Instant Pot pumpkin puree is not only economical, but the puree tastes WAY better than the canned version. And it’s SO easy!
I have a 3 pound pumpkin that I bought for a buck at the farm stand. Can’t beat that!
Remove the stem from the pumpkin so it fits nicely in the IP. Poke some holes with a metal skewer and place on the rack in the Instant Pot with a cup of water
Close the lid, make sure the vent is closed and cook on high pressure for 18 minutes. You can alter the time depending upon the size of the pumpkin you’re cooking. Let the pressure release naturally (NPR)
You should be able to easily poke a skewer or knife through the skin into the flesh to make sure it’s cooked. If there is any resistance, just cook for another 3 to 5 minutes
Let the pumpkin cool enough so you don’t burn your fingers while trying to cut it. Slice in half and remove the seeds and guts and discard. I throw all of the innards into the woods to feed our woodland friends
What’s the difference between a pie pumpkin and a carving pumpkin?
It’s all about the innards
Pie (or sugar pumpkins as they are also referred to) have a dark orange flesh and less water content. Less water equals more pumpkin flavor. Fewer of those annoying strings too
Carving pumpkins have a smaller amount of pale orange flesh and are more stringy. These are not optimal traits for baking but are perfect for making Jack O’ Lanterns!
Now let’s puree! Scoop out all of the flesh and add to your blender and puree. You’ll have to scrape the sides down a few times
This will store in your fridge for about a week or up to 6 months in the freezer. What a great way to keep your fresh pumpkin puree supply going through the winter!

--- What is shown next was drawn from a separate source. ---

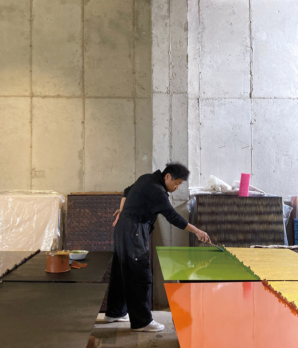 옻의 물성적 특징과 매력_ 자연에서 나온 도료라 자연에 반응하는 특수성이 있다. 옻칠은 시간이 쌓이며 발색을 하고, 시간과 환경에 따라 다른 빛깔을 띤다. 이 부분이 신비롭게 다가온다. 더불어 시간성을 이야기하는 내 작업에서 옻 역시 동일하다는 점이 일관적이라고 생각한다.

Now you’re ready to make pumpkin pie, bread, muffins, pancakes! The possibilities are endless!!
Enjoy!
Simply Sunday's ~ Instant Pot Pumpkin Puree
Ingredients
2 1/2 – 3 pound pie (sugar) pumpkin
1 cup water
Directions
Remove the stem from the pumpkin so it fits nicely in the IP. Poke some holes with a metal skewer and place on the rack in the Instant Pot with a cup of water
Close the lid, make sure the vent is closed and cook on high pressure for 18 minutes. You can alter the time depending upon the size of the pumpkin you’re cooking. Natural release the pressure (NPR)
You should be able to easily poke a skewer or knife through the skin into the flesh to make sure it’s cooked. If there is any resistance, just cook for another 3 to 5 minutes
Let the pumpkin cool enough so you don’t burn your fingers while trying to cut it. Slice in half and remove the seeds and guts and discard
Scoop out all of the flesh and add to your blender and puree; scrape the sides down a few times
Store tightly covered in your fridge for about a week or up to 6 months in the freezer
Tools used to make this recipe
Pyrex Prepware 1-Cup Measuring Cup
© Simply Sundays 2019
All rights reserved
Okay is there a version of this for squash? I have an amazing squash cake recipe and I can only find canned squash when I’m out of state.
Hi – what kind of squash? We have an IP spaghetti squash post.
I don’t have an instant pot, but I sure love the look of the purée. I just usually throw mine in the oven, or open a can!
I always made it in the oven also, but the Instant Pot makes life SO much easier!